Goals: The Difference Between Success And Failure

What do you think is the single most significant factor in determining the ultimate success or failure of your business? I’ll give you a hint… it’s not how hard you work, how well you train your employees, or even how strong your cash flow is. 

Those are all critical factors, don’t get me wrong—but even more important is your approach (or lack thereof) to goal setting. Psychologists believe, and studies have documented, that individuals with clear, written goals are significantly more likely to succeed than those without clearly defined goals. 

For instance, a study conducted by Gail Matthews, Ph.D., at the Dominican University, found that individuals with written goals achieved approximately 50% more of their goals than those without written goals. In addition, the study also showed that individuals who made a public "commitment" to their goals and were held accountable to those goals were substantially more likely to accomplish them.

As you can see, goals are critical to ensure success in any discipline—but it’s not enough to simply create a mental list. Below are steps to help you set and achieve your goals:

1) Brainstorm and identify goals you’d like to accomplish, for yourself and for your business. 

2) Put the goals in writing. Make sure that they are specific, and that they are quantifiable! (For instance, "work less than 50 hours per week" is a better goal than "spend more time with family.") Include a timeframe for achieving each goal, as well.

3) Seek accountability. Whether it’s an employee, a friend, or a family member—find someone to confide in. Have them check in with you periodically and ask you how you are doing with regards to accomplishing your goals. 

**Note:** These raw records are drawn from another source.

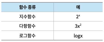 지수함수와 로그함수의 경우도 ‘x가 무한히 커진다’라는 것만 상상만 할 수 있으면 쉽게 이해할 수 있습니다. 로그함수는 다항함수보다 느리게 증가하고, 지수함수는 다항함수보다 빠르게 증가합니다. 그러므로 최고차항만 남기는 작업에서 우선 순위는 다음과 같을 겁니다.
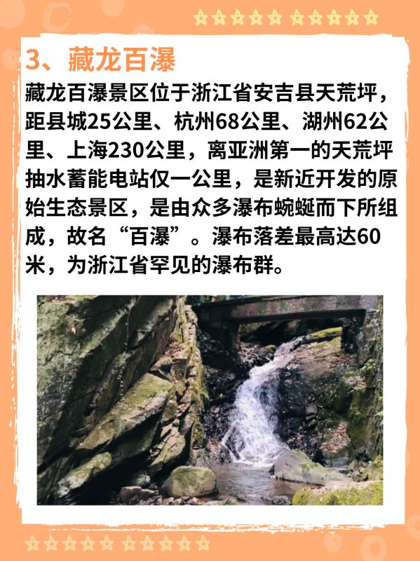 3、藏龙百瀑景区位于浙江省安吉县天荒坪,距县城25公里、杭州68公里、湖州62公里、上海230公里,离亚洲第一的天荒坪抽水蓄能电站仅一公里。
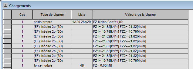 Remarque : Les efforts sollicitants pour les cas de charge sont générés lors des calcul de l'analyse de la structure.
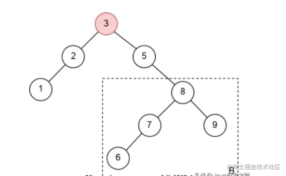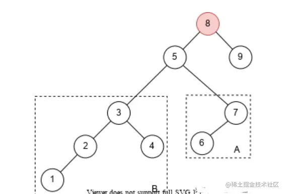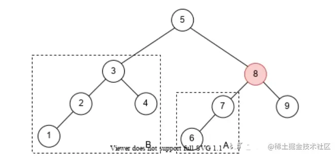 还是使用原始版本。这次根节点 5 的左子树为 B,右节点 8 为转轴,节点 8 的左子树为 A(转轴旋转方向的内侧)。
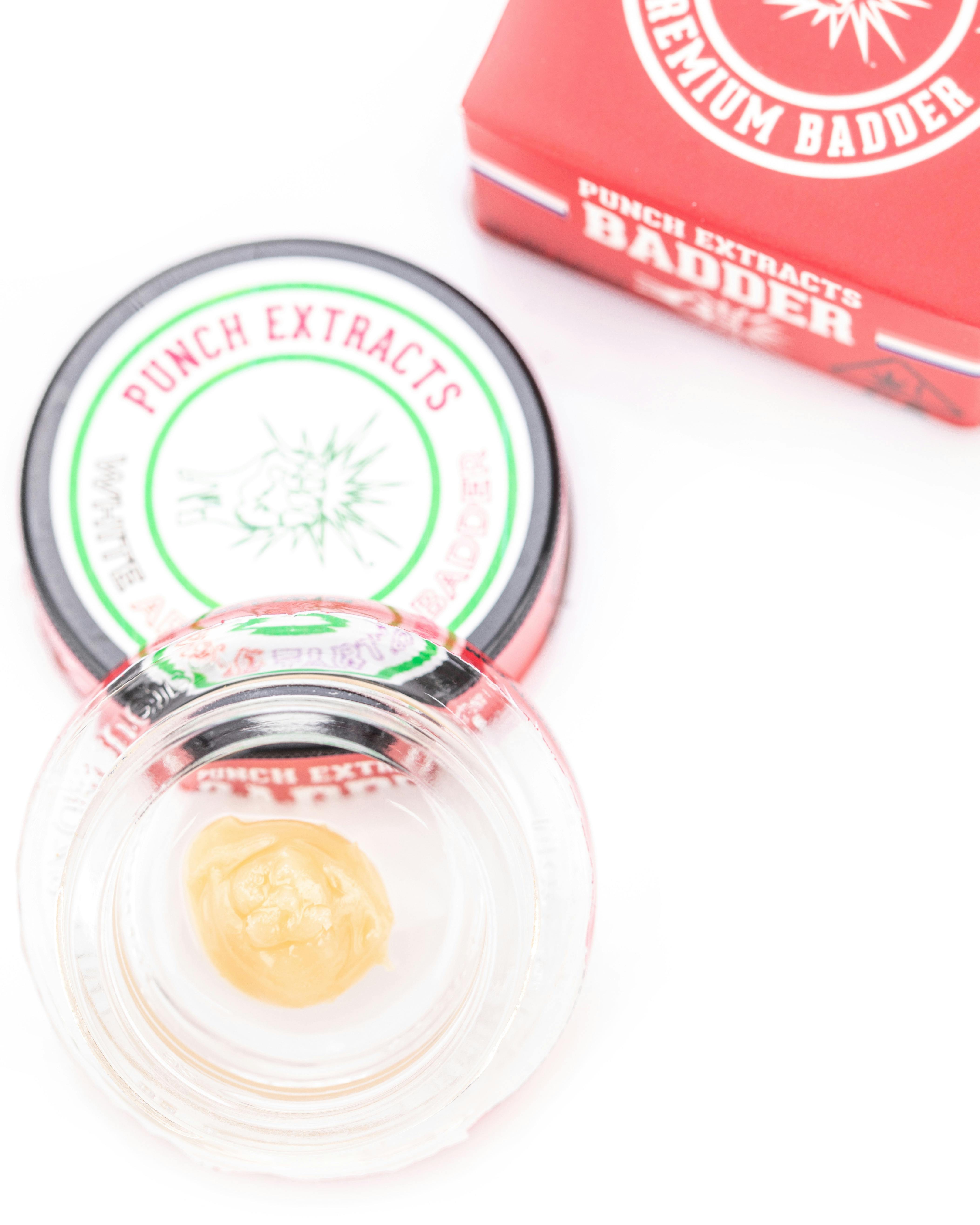 White Apple Tart, Punch BHO Badder is a Hybrid strain that taste of tart sour apple while the exhale brings out notes of creamy berry gas , each dab is potent with terps for an unforgettable experience. Dab between 450 - 550*
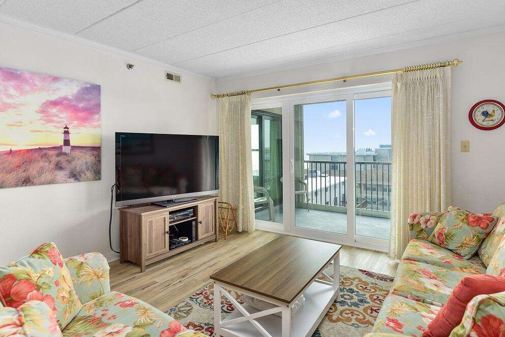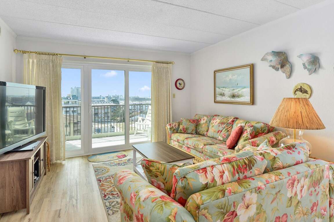 Enhance your stay at the stylish 2-bedroom condo in Ocean City, MD with a range of well-appointed amenities designed to elevate your vacation experience. The interior design of the condo features a comfortable living room with a loveseat and flat-screen TV, perfect for relaxing after a day of leisure activities. Enjoy family meals in the dining area or unwind on the private balcony flooded with natural light. For convenience, there is an outdoor footshower available. The condo is thoughtfully furnished to provide a welcoming atmosphere, with modern amenities to ensure a comfortable stay. Whether you're looking to relax indoors or engage in outdoor leisure activities, this condo offers the perfect blend of style and functionality.
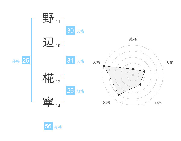 野辺 椛寧さんの天格は30画の2点!
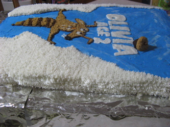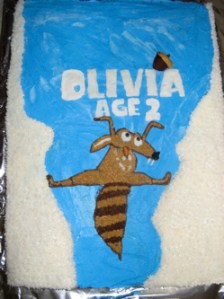 This was for Olivia’s 2nd birthday (see party photos). Her favorite character these days is Scrat from Ice Age, so we had to make a Scrat cake. I made 2 oblong cakes and put them together…Eric trimmed down the height of the blue part between the white ice mountains to make it a bit 3-dimensional. A truffle helped create the acorn.
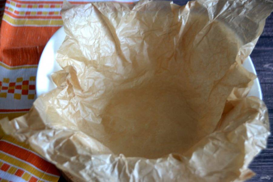 Подготовьте миску, застелите бумагой для выпечки, предварительно помяв и смочив ее для эластичности. Если не уверены в качестве бумаги, можно слегка присыпать ее мукой.
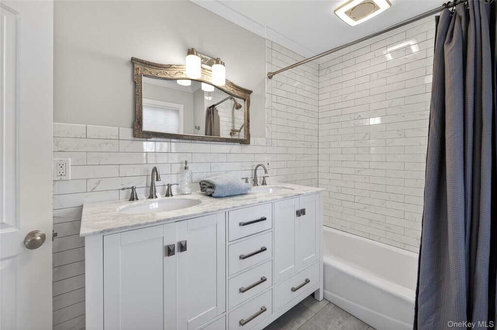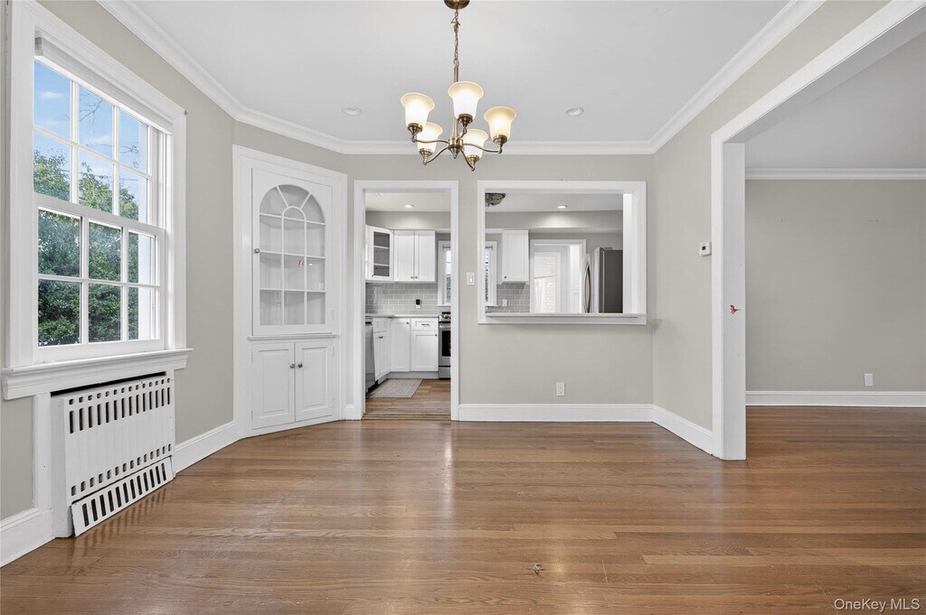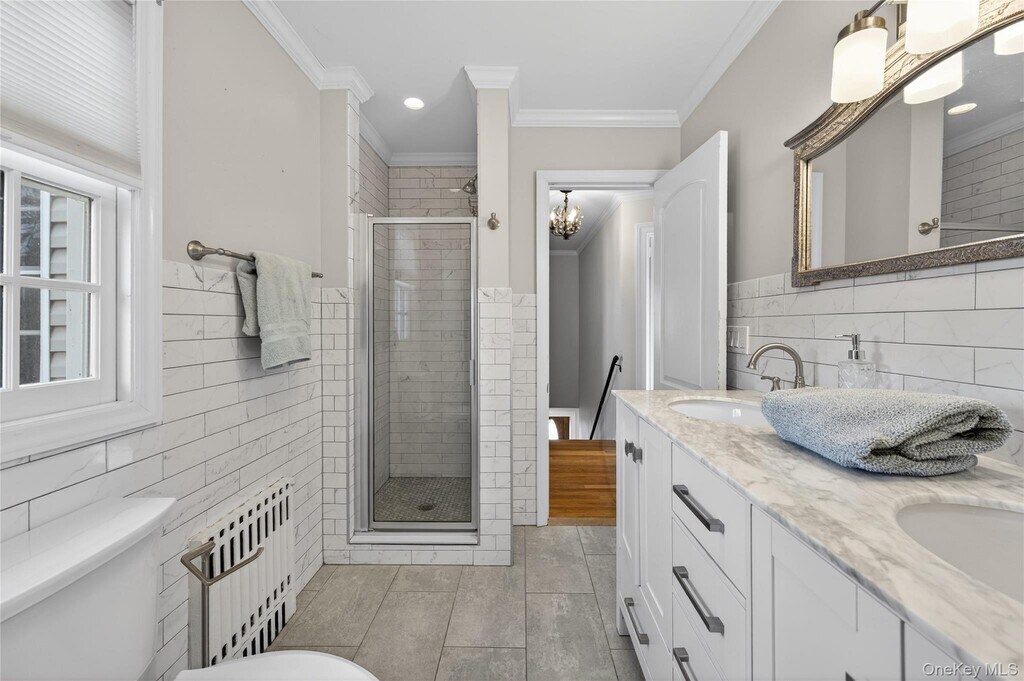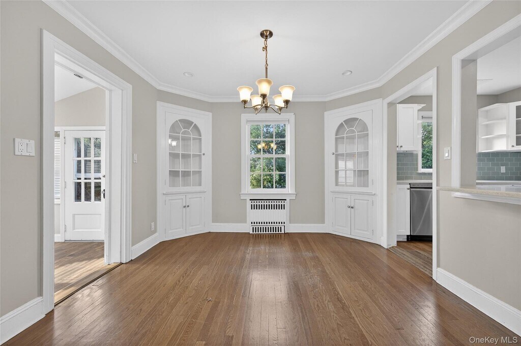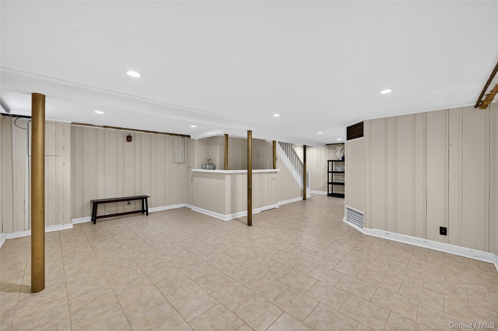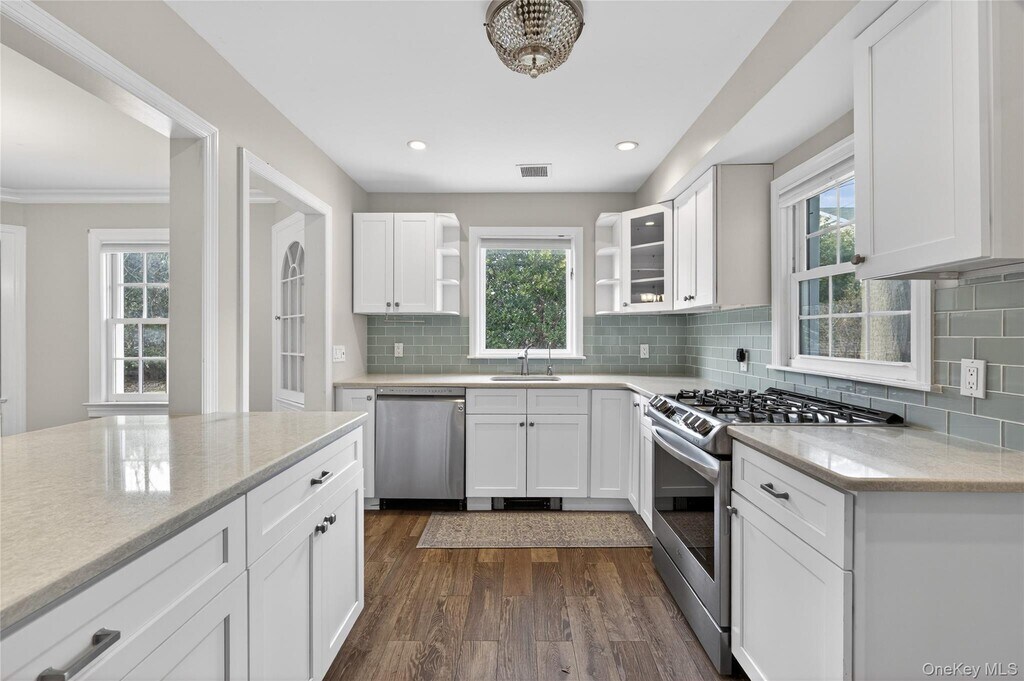 This warm and inviting 4 bedroom Colonial offers a functional layout with cozy living spaces. The first floor flows from a spacious living room with a wood-burning fireplace into a formal dining room and an updated kitchen appointed with quartz countertops and stainless steel appliances. A den and renovated bath complete the level. Upstairs, the generous primary bedroom is joined by three additional bedrooms and a stylish full bath featuring a double vanity and dual showers. Excellent storage can be found throughout, including a pull-down attic, basement, and an oversized 2-car attached garage. Set on an 80x100 lot, the property provides wonderfully private backyard space. All conveniently located close to schools, the LIRR, shops, and restaurants.
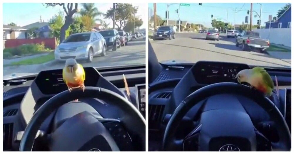 Попугай обожает совместные поездки с хозяином. Когда мужчина крутит руль, птица демонстрирует абсолютную невозмутимость и даже не пытается улететь.
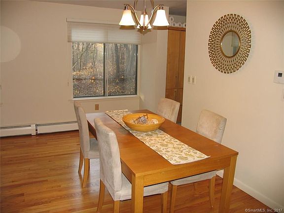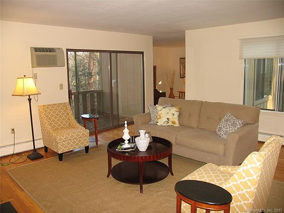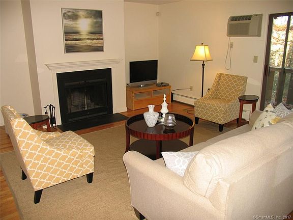 Bright and Sunny. Exceptional tri level townhouse has designer kitchen and baths. Large Living room/Dining room with fireplace and slider to private deck. Main level family room, just off the living room PLUS a lower level playroom (walkout) with work shop and cedar closet. The second floor has two bedrooms and two private baths. The spacious master bedroom has a fireplace. Full laundry is, conveniently, on the second floor. Two oversized detached garage bays are a short walk from the unit and the swimming pools is very close. Low heat costs and taxes. Any repairs or replacement of the boiler/heating system are included in the HOA fees. This is a true Guilford "Best Buy!"
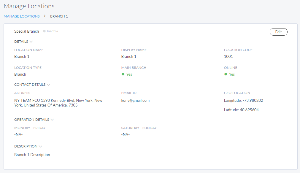 The edit screen is similar to the add a branch or ATMscreen, and allows the user to modify the details of the branch or ATM. User can make the changes as per the guidelines mentioned in Locations Details and List of Services. Save the details.
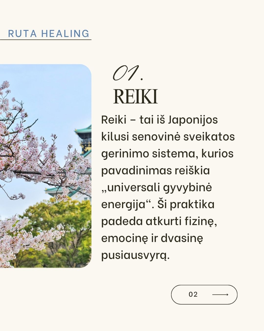 Reiki - tai švelni savireguliacijos praktika, kilusi iš Japonijos, padedanti nuraminti nervų sistemą ir atkurti vidinę pusiausvyrą. Ji veikia per sąmoningą dėmesį, prisilietimą arba nuotolinį darbą su energija, leidžiant kūnui ir protui grįžti į natūralią ramybės būseną.
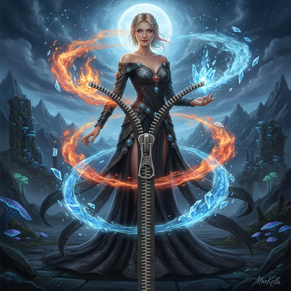 A stunning slim female wizard stands poised in a magical dark fantasy realm, casting a mesmerizing spell with elemental energies swirling around her. She wears an alluring off-shoulder costume adorned with elaborate rings, showcasing intricate details and textures. Her beautiful, fair skin glows under soft, ethereal lighting, emphasizing her enchanting blue eyes and captivating smile. Elements of fire, water, wind, and ice dance in a perfect dynamic composition, creating a breathtaking, ultra high-resolution masterpiece, with a large zipper going down the middle of the picture vertical. Signature MarKella
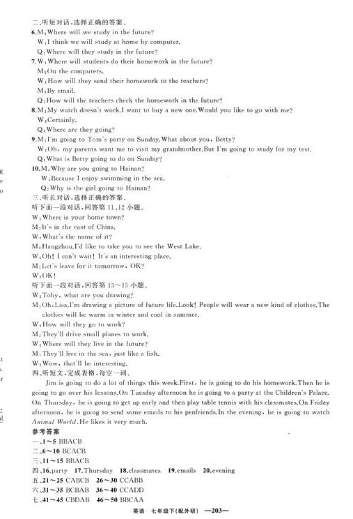 注:目前有些书本章节名称可能整理的还不是很完善,但都是按照顺序排列的,请同学们按照顺序仔细查找。练习册 2024年四清导航七年级英语下册外研版 答案主要是用来给同学们做完题方便对答案用的,请勿直接抄袭。
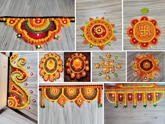 1 / 8अनेकदा रांगोळ्या (Diwali 2025) काढायला आपल्यावेळ नसतो अशावेळी फुलांची रंगोळी काढून तुम्ही सुंदर सजावट करू शकता.रांगोळीसाठी झेंडू, गुलाब, शेंवती, यांसारख्या सहज उपलब्ध असणाऱ्या फुलांची निवड करा.2 / 8 रांगोळी काढण्यापूर्वी सर्व फुलांच्या पाकळ्या व्यवस्थित वेगळ्या करून घ्या. देठ किंवा खराब झालेले भाग काढून टाका.3 / 8गोल, चौकोनी, कमळ किंवा स्वास्तिक किंवा ओम यांसारखे सोपे भूमितीचे आकार निवडा कारण फुलांनी ते भरणं सोपं जातं.4 / 8रांगोळीचे मुख्य डिजाईन आधी खडूनं किंवा रांगोळीच्या पांढऱ्या रंगानं काढून घ्या. ज्यामुळे फुलांची रांगोळी व्यवस्थित आकारात येते. 5 / 8फुलांच्या रंगांचा योग्य मेळ साधा. उदा. मध्यभागी पिवळा झेंडू, त्याला बाहेरून लाल गुलाबाची सीमा आणि त्यानंतर पांढरी शेवंती वापरा. कॉन्ट्रास्ट रंगामुळे रांगोळी अधिक उठून दिसेल.6 / 8पाकळ्या एकावर एक किंवा एका थरात व्यवस्थित दाबून ठेवा जेणेकरून त्या वाऱ्यानं उडून जाणार नाहीत आणि रांगोळीला छान टेक्स्चर मिळेल.7 / 8हिरव्यागार पानांच्या डिजाईन्समध्ये आंब्याची पानं किंवा अशोकाची पानं लहान आतील भागासाठी वापरा यामुळे रांगोळीला नैसर्गिक लूक येतो.8 / 8रांगोळीच्या मध्यभागी दिवा, पणती, कलश किंवा गणपतीची मूर्ती ठेवा. रांगोळी पूर्ण झाल्यावर फुलांवर हलकं पाणी शिंपडा. यामुळे फुलं ताजी राहतात आणि रांगोळी अधिक चांगली राहते. रांगोळीच्या कडांभोवती लगान तेलाच्या पणत्या किंवा टि लाईट कँडल्स ठेवून दिवाळीचा लूक आकर्षक बनवू शकता.

4) Create a plan for success. As Larry Elder put it, "A goal without a plan is just a wish." How are you going to achieve your goal? What do you need to learn? Who do you need to help you do it? 

5) Measure progress. It’s important that you take time to periodically monitor your progress. If you’ve set a 12 month goal, for example, evaluate your progress every three months. This gives you an opportunity to adjust your plan and stay on track. 

Goal setting is valuable exercise for anyone—but doubly so for business owners. It is easy, as a business owner, to become so focused on the day-to-day details of managing your organization that you completely lose sight of the big picture. The process of setting and pursuing goals forces you to adopt a big-picture mindset.  

Do you have goals for yourself and for your business? If not, now is the time to set them. Commit them to writing and seek accountability—and you’ll be well on your way to success.